Gary Puckett and the Union Gap’s Nov. 19, 2023, concert in the Showroom of the South Point Resort and Casino on the south end of the Las Vegas Strip was a poignant reminder that the late 1960s were not just about protest and revolution.
The group’s brief but potent streak of infectious pop hits—which began in December 1967 with “Woman Woman” and ended in March 1970 with “Let’s Give Adam and Eve Another Chance”—spoke mostly of young love and young lust from the perspective of an often hurt and troubled suitor. Puckett’s booming, soulful baritone was the cornerstone of the group’s signature sound, plaintive, melodic ballads steeped in minor chord progressions and bathed in driving horns and lush orchestration.
Puckett’s voice has aged remarkably well, and to many in the sold-out crowd the show, just shy of 90 minutes, brought back bittersweet memories of their own youthful emotions and passions: first love, unrequited love, forbidden love and betrayal. They may have marched, they may have chanted, they may have bought records by the “heavy” bands of the day, but in their alone moments, what Puckett sang about, they felt.
Like so many groups from the 1960s, Puckett, born Oct. 17, 1942, is the only original member in the present-day Union Gap, but that’s all right because he was always the band’s leader, director and, most notably, its voice. He has wisely surrounded himself with a crack trio of sidemen—keyboardist Jamie Hilboldt, bassist Woody Lingle and drummer Mike Candito—who truly get him, his songs and his sound, while providing harmony backup vocals.
Dressed in Union soldier uniforms, just like the early Gap, the band opened with “Lady Willpower,” one of their five biggest hits. Did the audience sing along? Of course they did, with Puckett’s gracious encouragement.
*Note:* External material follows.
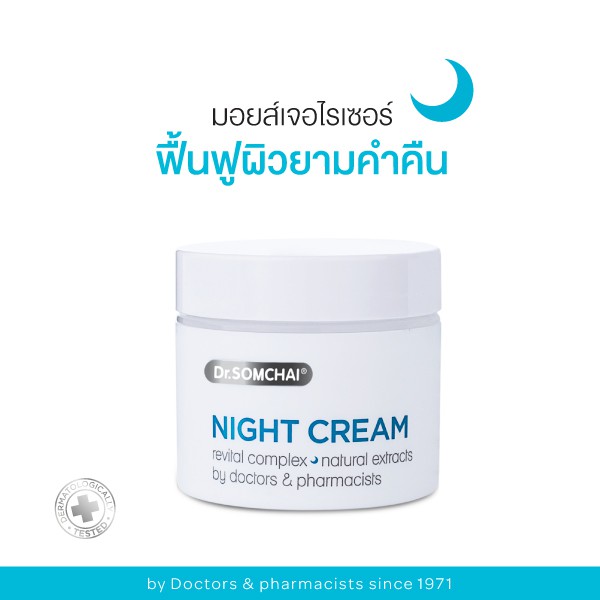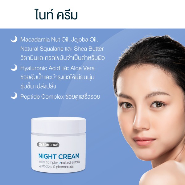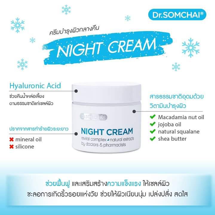 Dr. Somchai Night cream 40 g. ดร.สมชาย ไนท์ ครีม บำรุงผิวหน้า ก่อนนอน ชะลอริ้วรอยก่อนวัย ให้ผิวนุ่มเด้ง

Next came two covers that appeared on Puckett’s first two albums, “Kentucky Woman” and “Lady Madonna.” The Union Gap’s ascent up the charts was so swift, and so steep, that their albums were cranked out almost as an afterthought, and in quick succession. Their first LP, Woman, Woman, was released in February 1968, followed by Gary Puckett & The Union Gap Featuring “Young Girl” in May 1968 and Incredible in November 1968. Producer Jerry Fuller, who had signed the Union Gap to Columbia Records and subsequently wrote most of their hits, picked a variety of other popular songs instead of scrambling for new material.
Watch Puckett sing “This Girl is a Woman Now” at a private event
Puckett and crew then performed “Let’s Give Adam and Eve Another Chance,” their final hit, a soaring gospel number that ranks as one of the Union Gap’s greatest musical triumphs. This was followed by two more covers, the Bee Gees’ “To Love Somebody” and Sonny and Cher’s “You Better Sit Down, Kids,” both from the Union Gap’s debut LP.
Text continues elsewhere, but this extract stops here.